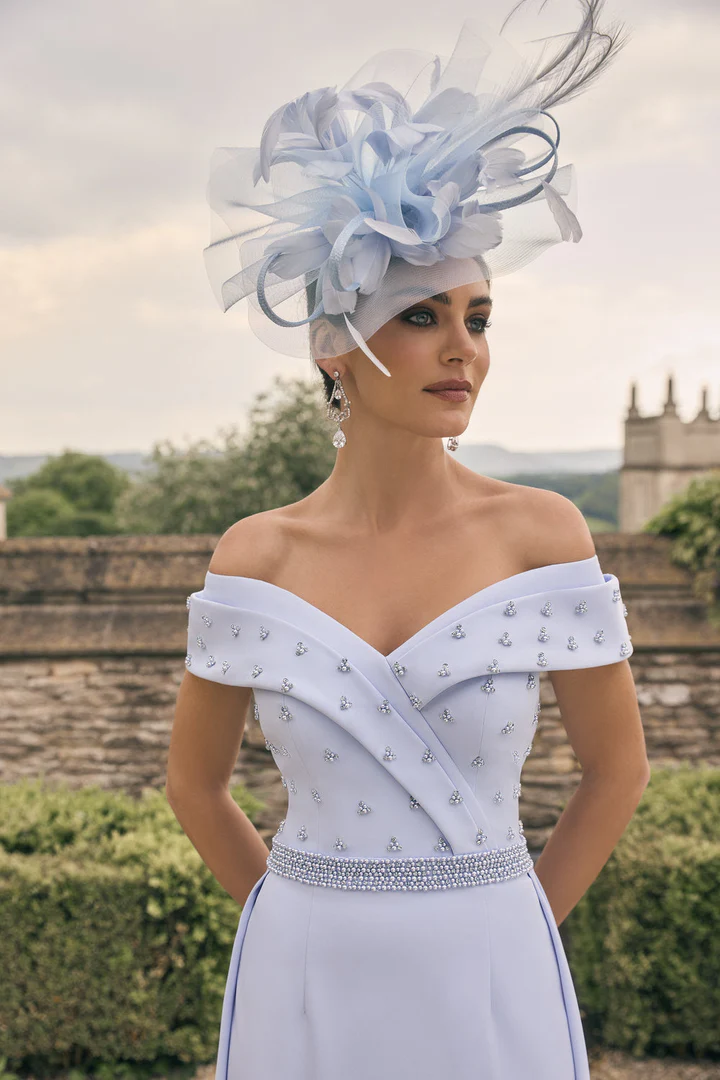 Chic and contemporary, this mother-of-the-bride fit-and-flare crepe dress features a beaded wide V-neckline, cap sleeves, and a pleated bodice. Finished with a beaded waistband and unique half overskirt, it combines structure, movement, and modern elegance.
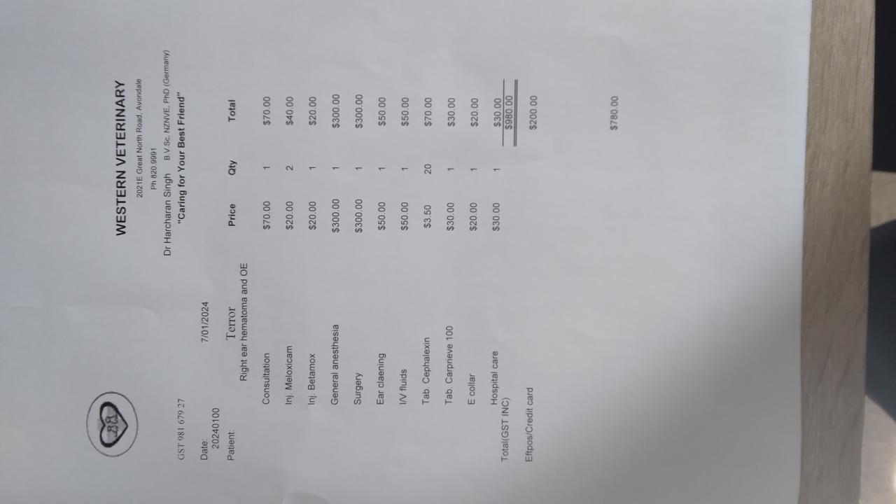 Terrors ear has recovered pretty well, she's back to her playful self. Her ear had a little bend but will get back to normal in time..
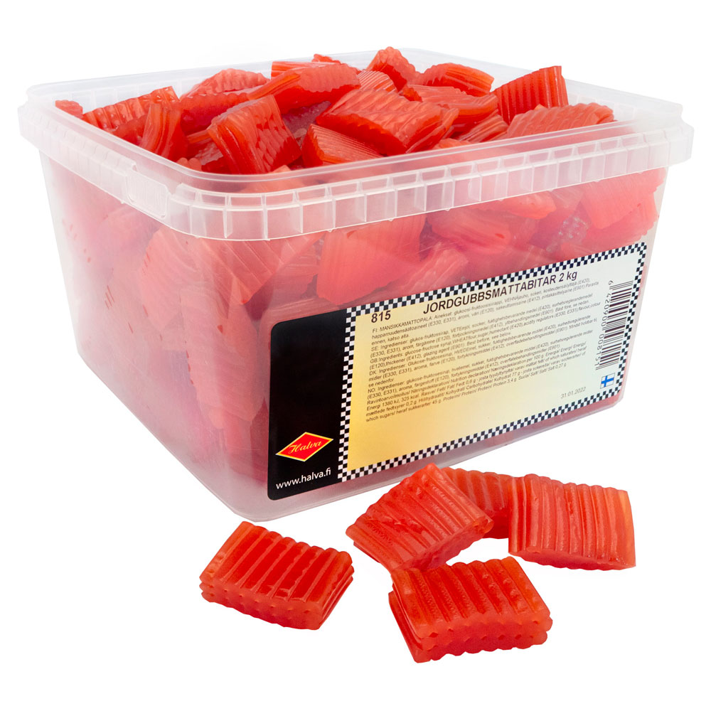 Jordgubbsmatta 2 kg omfattar 2 kg godis med smak av jordgubbar.
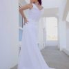 Elegante y fresco .Este delicado traje combina a la perfección su escote de cuello bote por el frente , pero con un desenlace hacia la parte trasera en forma V, y adornados con una fila de botones para acentuar sus detalles. Su falda en corte sirena y con una pequeña cola toman de protagonismo su simplicidad , decorada su cintura con cristales swarouski marcan un brillo sutil y elegante.
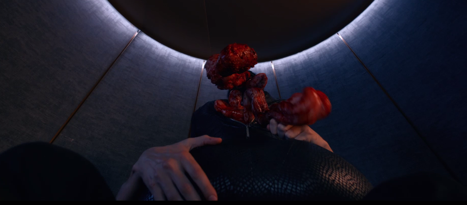 畸形怪物登台后,朝着台下观众吐出了一坨他们最想看的部位。
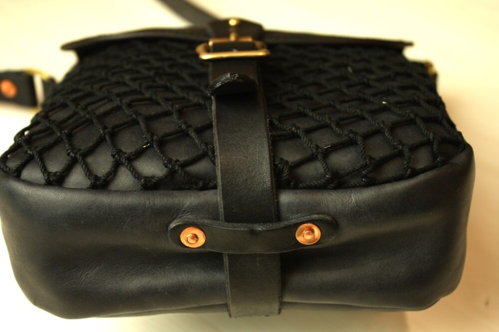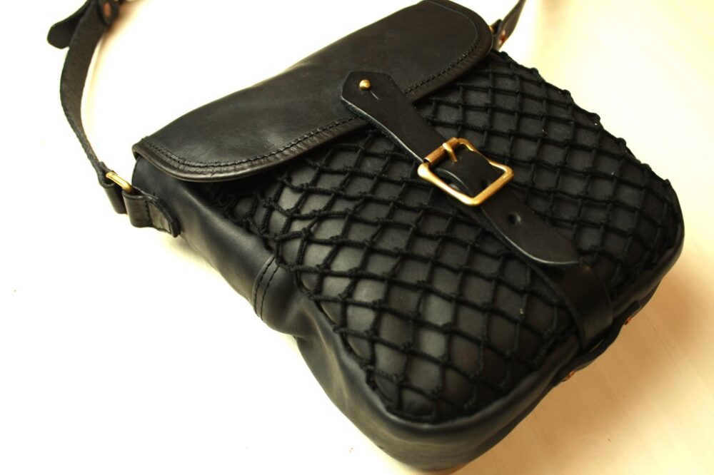 ヴィンテージや既製品のフィッシングバッグは、ほとんどがコットンキャンバス素材。フィッシングバッグのデザインでありながらもハイブランドのバッグのような上品な印象へとなりました。
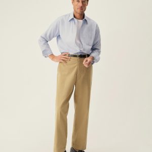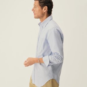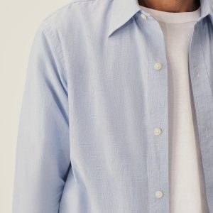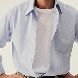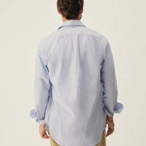 Slim fit long sleeve button-up cut from 4 oz. washed cotton. Details include a button placket, a single spade pocket at the chest, and a box pleat at the back yoke. Constructed with single needle topstitch detailing with double needle stitching at the collar and cuffs.
###
Description of the task:
Set the records down again exactly as given, and leave the pictures out.

Written reply:
 Chic and contemporary, this mother-of-the-bride fit-and-flare crepe dress features a beaded wide V-neckline, cap sleeves, and a pleated bodice. Finished with a beaded waistband and unique half overskirt, it combines structure, movement, and modern elegance.
 Terrors ear has recovered pretty well, she's back to her playful self. Her ear had a little bend but will get back to normal in time..
 Jordgubbsmatta 2 kg omfattar 2 kg godis med smak av jordgubbar.
 Elegante y fresco .Este delicado traje combina a la perfección su escote de cuello bote por el frente , pero con un desenlace hacia la parte trasera en forma V, y adornados con una fila de botones para acentuar sus detalles. Su falda en corte sirena y con una pequeña cola toman de protagonismo su simplicidad , decorada su cintura con cristales swarouski marcan un brillo sutil y elegante.
 畸形怪物登台后,朝着台下观众吐出了一坨他们最想看的部位。
 ヴィンテージや既製品のフィッシングバッグは、ほとんどがコットンキャンバス素材。フィッシングバッグのデザインでありながらもハイブランドのバッグのような上品な印象へとなりました。
 Slim fit long sleeve button-up cut from 4 oz. washed cotton. Details include a button placket, a single spade pocket at the chest, and a box pleat at the back yoke. Constructed with single needle topstitch detailing with double needle stitching at the collar and cuffs.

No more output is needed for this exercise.